[Material for this exercise]:
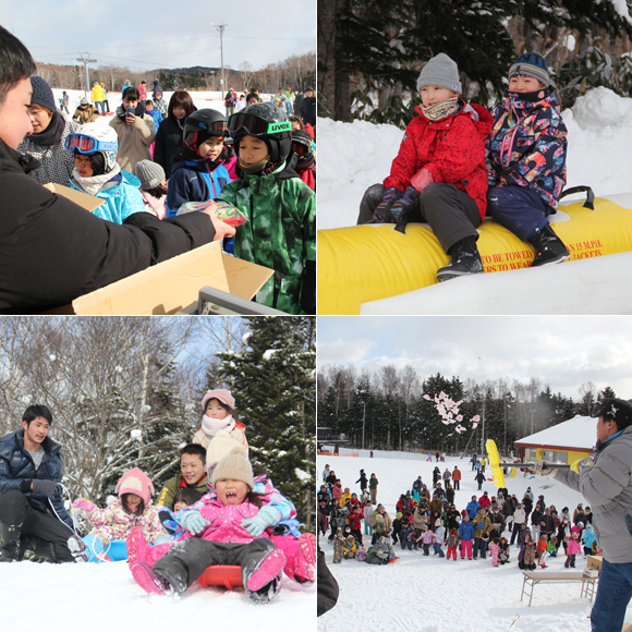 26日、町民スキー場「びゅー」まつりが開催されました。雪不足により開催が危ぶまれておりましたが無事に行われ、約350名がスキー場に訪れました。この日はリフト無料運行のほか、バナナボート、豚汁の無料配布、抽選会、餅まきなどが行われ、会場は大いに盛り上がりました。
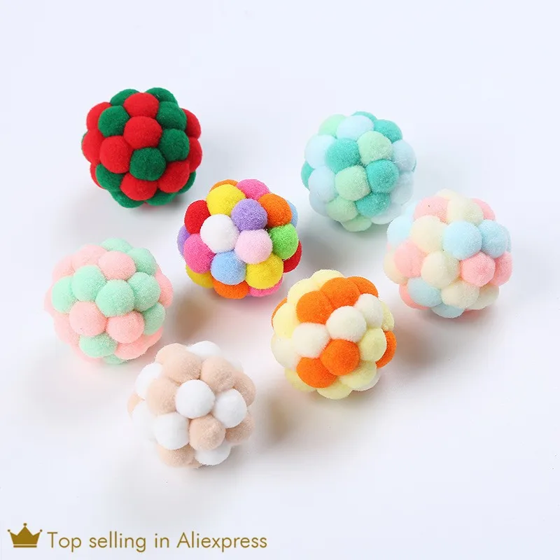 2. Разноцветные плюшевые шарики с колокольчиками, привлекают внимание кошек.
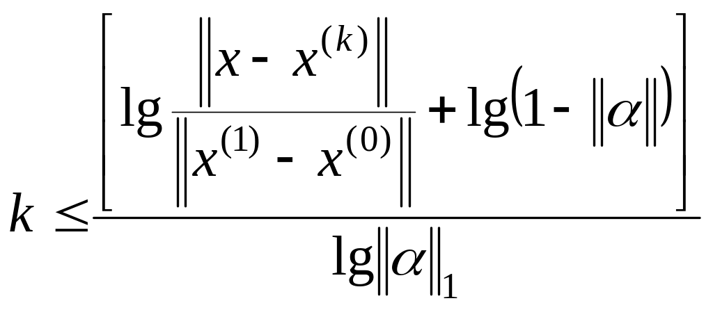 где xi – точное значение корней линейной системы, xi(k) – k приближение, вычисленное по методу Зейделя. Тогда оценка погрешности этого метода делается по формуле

* * *

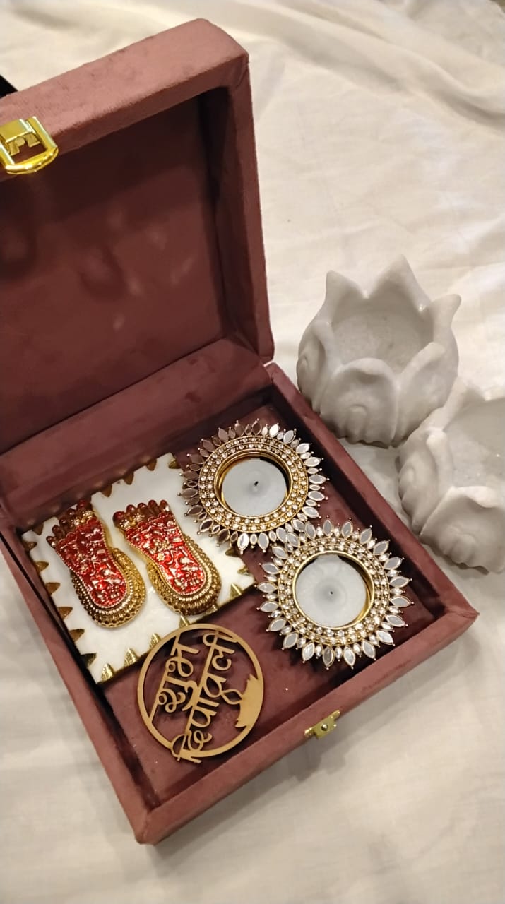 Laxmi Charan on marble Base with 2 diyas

---

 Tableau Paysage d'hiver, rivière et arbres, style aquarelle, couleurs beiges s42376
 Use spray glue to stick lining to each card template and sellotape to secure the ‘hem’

[Required action]: Within the listing above, find the line containing "2. Разноцветные плюшевые" and the line containing "где xi – точное". Transcribe them and everything between them exactly, leaving out the pictures.

[Response area]:
 2. Разноцветные плюшевые шарики с колокольчиками, привлекают внимание кошек.
 где xi – точное значение корней линейной системы, xi(k) – k приближение, вычисленное по методу Зейделя. Тогда оценка погрешности этого метода делается по формуле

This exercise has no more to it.